WHAT YOU HAVE TO DO:
Only the lines from the one containing "میانمار، ینگون میں" to the end of the records belong in the copy. Reproduce them word for word and drop the pictures.

____________________

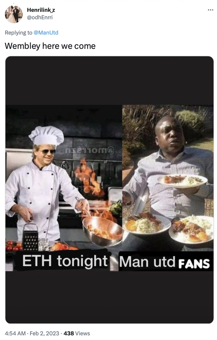 Meme MU yang akan melawan Newcastle di final nanti. Foto: Twitter
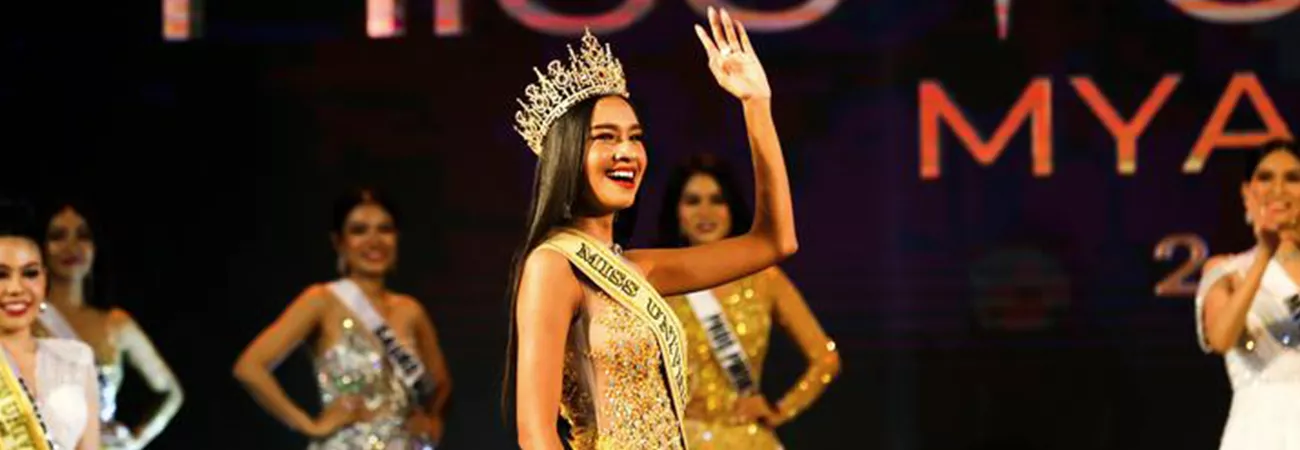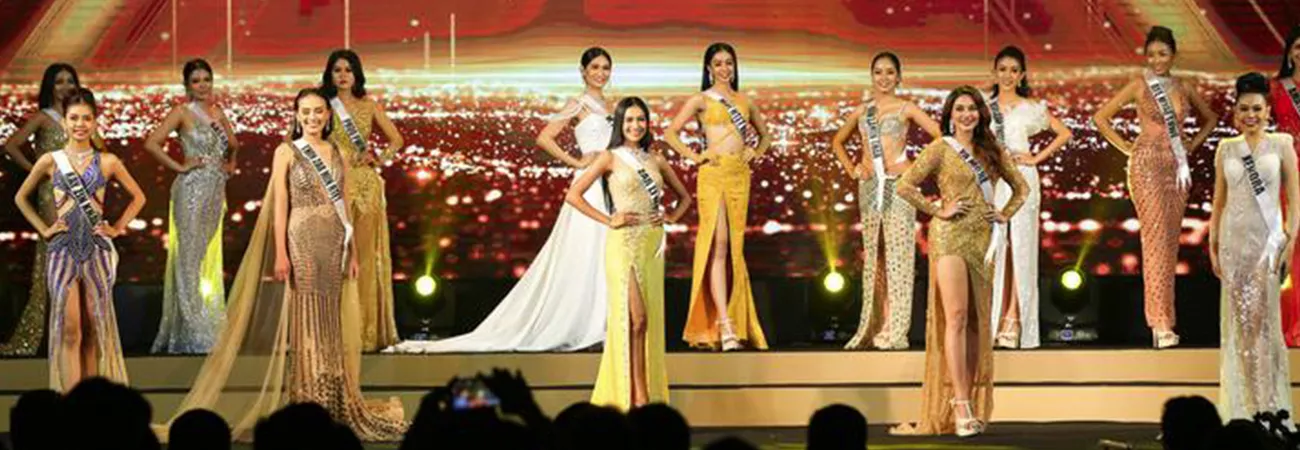 میانمار، ینگون میں منعقدہ مس یونیورس میانمار 2022 مقابلے میں حصہ لینے والی خواتین۔ (شِںہوا)
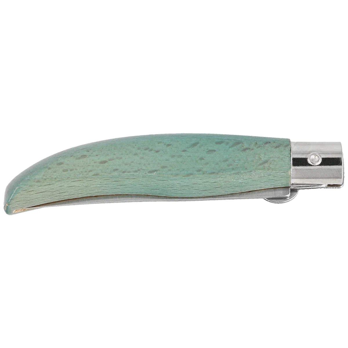 Iberica S with lock, Turquoise Beech Wood, Steel HD (Hardware) ultralight 25g knife from knife manufacturer MAM for 150 years. Made of easy-to-sharpen, long-lasting stainless steel. Handle stained beech wood. Indispensable at home, in the office, while traveling. The choice of those who appreciate tradition, simplicity and functionality. An excellent idea for an inexpensive gift or advertising gadget. Made in Portugal.
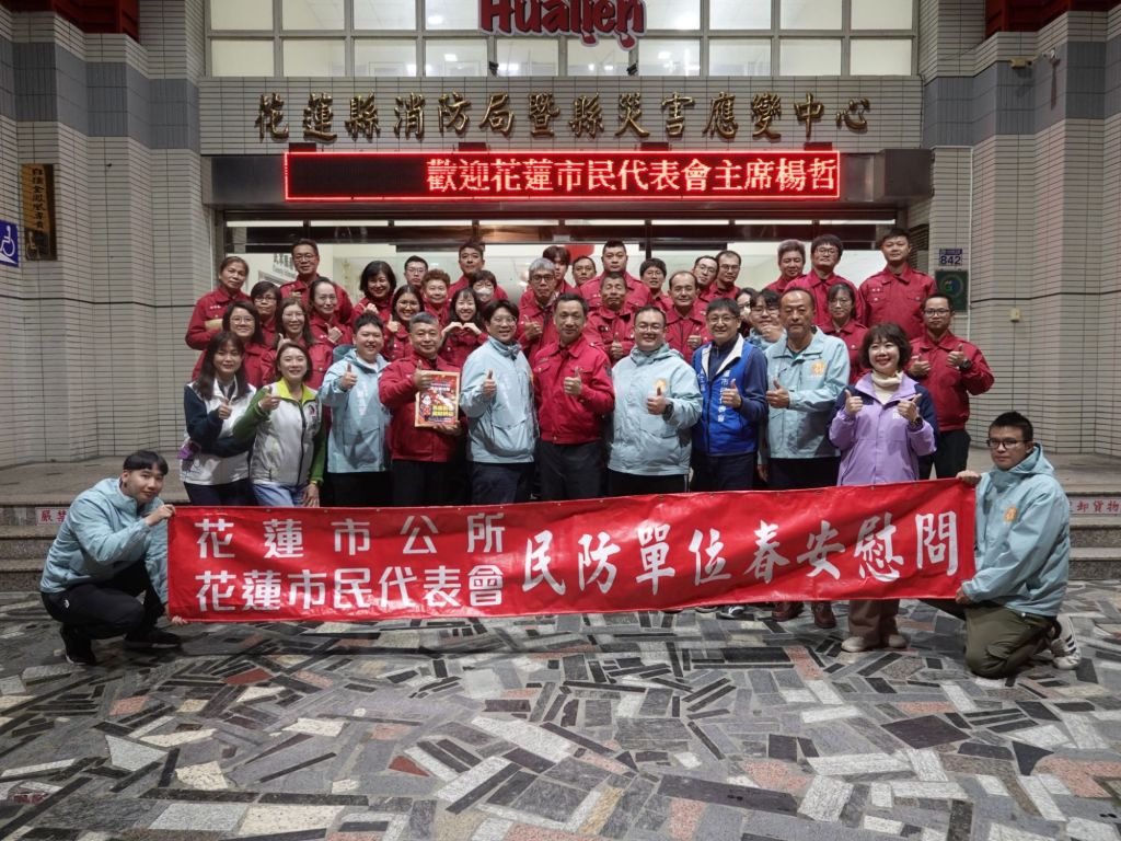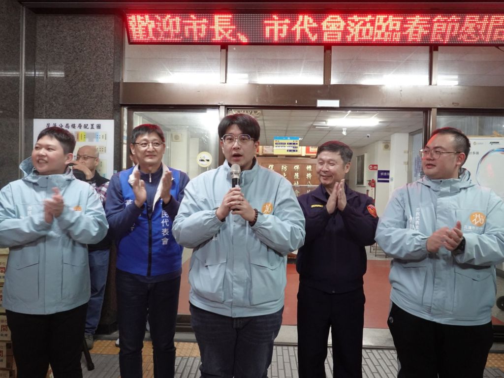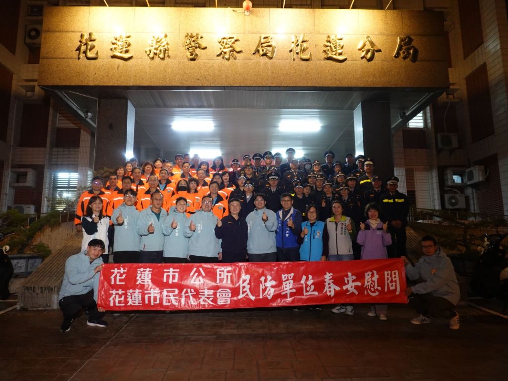 為表達對春節期間第一線安全維護人員的最高敬意與感謝,花蓮市長魏嘉彥昨29日晚間偕同花蓮市民代表會主席楊哲灃、副主席黃達祥等人,於春安工作開始前,前往警察、消防、民防、巡守隊、義警、義消等春安工作單位慰問,提前向堅守崗位的同仁致上謝意。
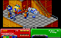 Armed with a ray gun and a fistful of bombs you have to work through the planet destroying the robots and their equipment and rescuing the hostages as you go. The planet is made up of several sections, each section divided into three or four levels. Getting from one level to the next usually involves finding and switching on the escalator or climbing up the conveniently places ladders.
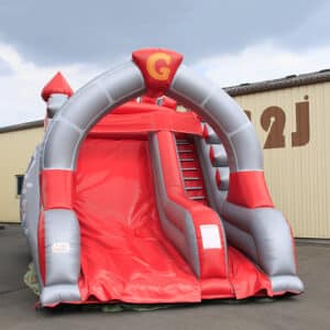 Toboggan gonflable avec arche médiéval, créneaux et descente de 3m
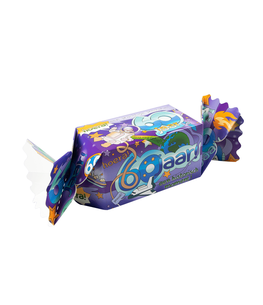 Verpakkingsinhoud: Kado / Snoepverpakking Pret - 60 jaar

____________________

RESULT OF THE EXERCISE:
 میانمار، ینگون میں منعقدہ مس یونیورس میانمار 2022 مقابلے میں حصہ لینے والی خواتین۔ (شِںہوا)
 Iberica S with lock, Turquoise Beech Wood, Steel HD (Hardware) ultralight 25g knife from knife manufacturer MAM for 150 years. Made of easy-to-sharpen, long-lasting stainless steel. Handle stained beech wood. Indispensable at home, in the office, while traveling. The choice of those who appreciate tradition, simplicity and functionality. An excellent idea for an inexpensive gift or advertising gadget. Made in Portugal.
 為表達對春節期間第一線安全維護人員的最高敬意與感謝,花蓮市長魏嘉彥昨29日晚間偕同花蓮市民代表會主席楊哲灃、副主席黃達祥等人,於春安工作開始前,前往警察、消防、民防、巡守隊、義警、義消等春安工作單位慰問,提前向堅守崗位的同仁致上謝意。
 Armed with a ray gun and a fistful of bombs you have to work through the planet destroying the robots and their equipment and rescuing the hostages as you go. The planet is made up of several sections, each section divided into three or four levels. Getting from one level to the next usually involves finding and switching on the escalator or climbing up the conveniently places ladders.
 Toboggan gonflable avec arche médiéval, créneaux et descente de 3m
 Verpakkingsinhoud: Kado / Snoepverpakking Pret - 60 jaar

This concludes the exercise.